Work instruction: The lines to transcribe begin with the one containing "Vintage 1980s GEPETTO" and end with the last line below; reproduce them exactly, without the pictures.

Recorded information:
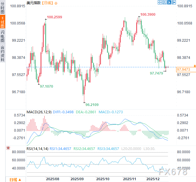 短期看,美联储的“防守”举措利好美元稳定;但中长期看,领导权过渡的迷雾和政治干预的阴云,为美元的长期价值埋下了隐患。周五(12月26日)亚市时段,美元指数于近两周低点(97.75)上方不远位置窄幅震荡。
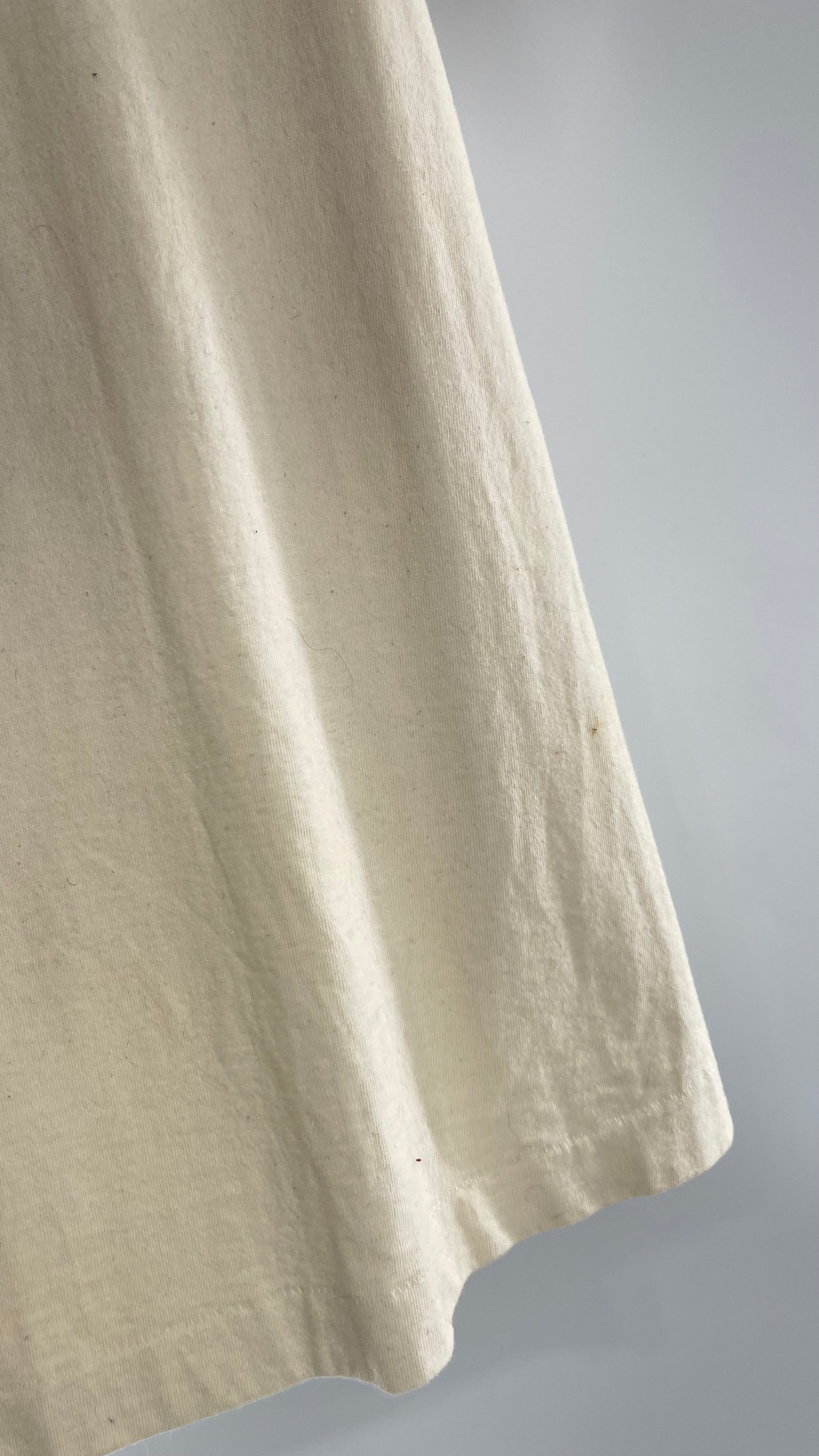 Vintage 1980s GEPETTO Off White Western T Shirt with Denim Lined V Neck Detail with Faux Leather Fringe Detail and Embroidery
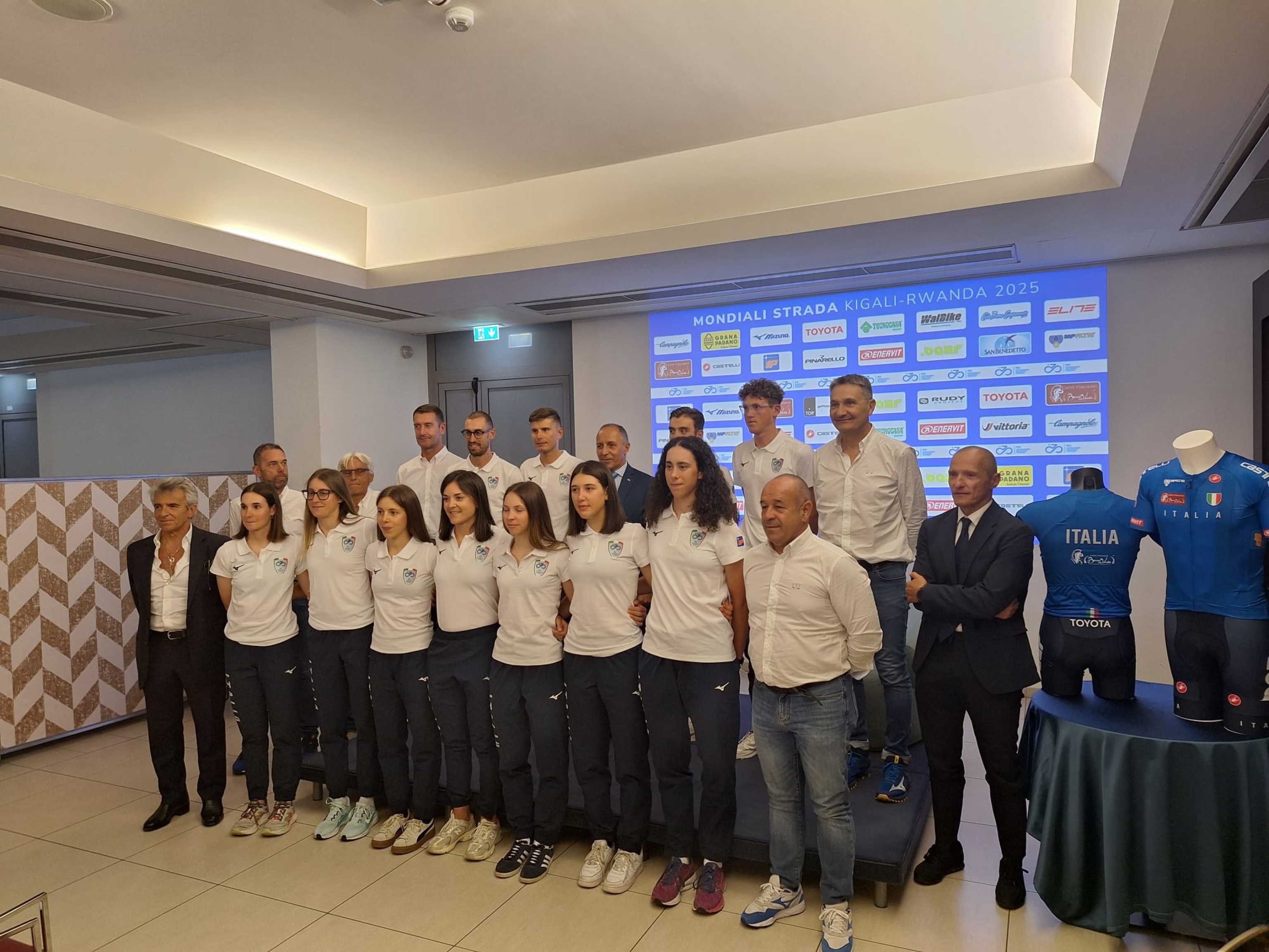 "Siamo una squadra completa e abbiamo le nostre carte da giocarci", dice il ct Marco Villa alla presentazione degli azzurri che prenderanno parte alla competizione. Il primo contingente di undici atleti parte questa sera dall'aeroporto di Malpensa, guidato proprio dal ct Marco Villa, mentre un secondo gruppo di otto atleti arriverà in Ruanda il 19 settembre. Tra il 23 e il 24 settembre, infine, raggiungeranno la sede gli ultimi otto stradisti, tra cui Elisa Longo Borghini, Giulio Pellizzari e Giulio Ciccone.
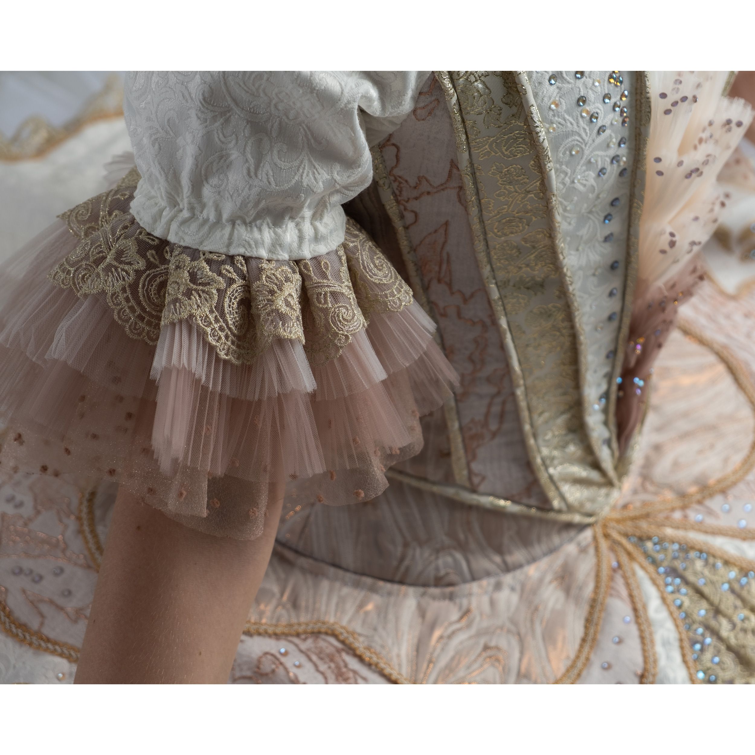 Все мы – дети, когда любим. Все мы – дети, когда радуемся. «Будьте чисты как дети» - гласит библейская истина. Мотивами христианской любви пронизан классический балет – многие заглавные партии классического наследия несут в себе высокие идеи о верности и справедливости, победе добра над злом и Света над Тьмой, нерушимости обетов. Пачка «Высокое чувство» поможет создать образ героини, воплощающей в себе всю глубину кристально чистой любви (например, партия Авроры из балета «Спящая красавица»), а сияние страз Swarovski ещё и ещё раз покажет, как блистателен человек, исполненный любви.

Answer to this problem:
 Vintage 1980s GEPETTO Off White Western T Shirt with Denim Lined V Neck Detail with Faux Leather Fringe Detail and Embroidery
 "Siamo una squadra completa e abbiamo le nostre carte da giocarci", dice il ct Marco Villa alla presentazione degli azzurri che prenderanno parte alla competizione. Il primo contingente di undici atleti parte questa sera dall'aeroporto di Malpensa, guidato proprio dal ct Marco Villa, mentre un secondo gruppo di otto atleti arriverà in Ruanda il 19 settembre. Tra il 23 e il 24 settembre, infine, raggiungeranno la sede gli ultimi otto stradisti, tra cui Elisa Longo Borghini, Giulio Pellizzari e Giulio Ciccone.
 Все мы – дети, когда любим. Все мы – дети, когда радуемся. «Будьте чисты как дети» - гласит библейская истина. Мотивами христианской любви пронизан классический балет – многие заглавные партии классического наследия несут в себе высокие идеи о верности и справедливости, победе добра над злом и Света над Тьмой, нерушимости обетов. Пачка «Высокое чувство» поможет создать образ героини, воплощающей в себе всю глубину кристально чистой любви (например, партия Авроры из балета «Спящая красавица»), а сияние страз Swarovski ещё и ещё раз покажет, как блистателен человек, исполненный любви.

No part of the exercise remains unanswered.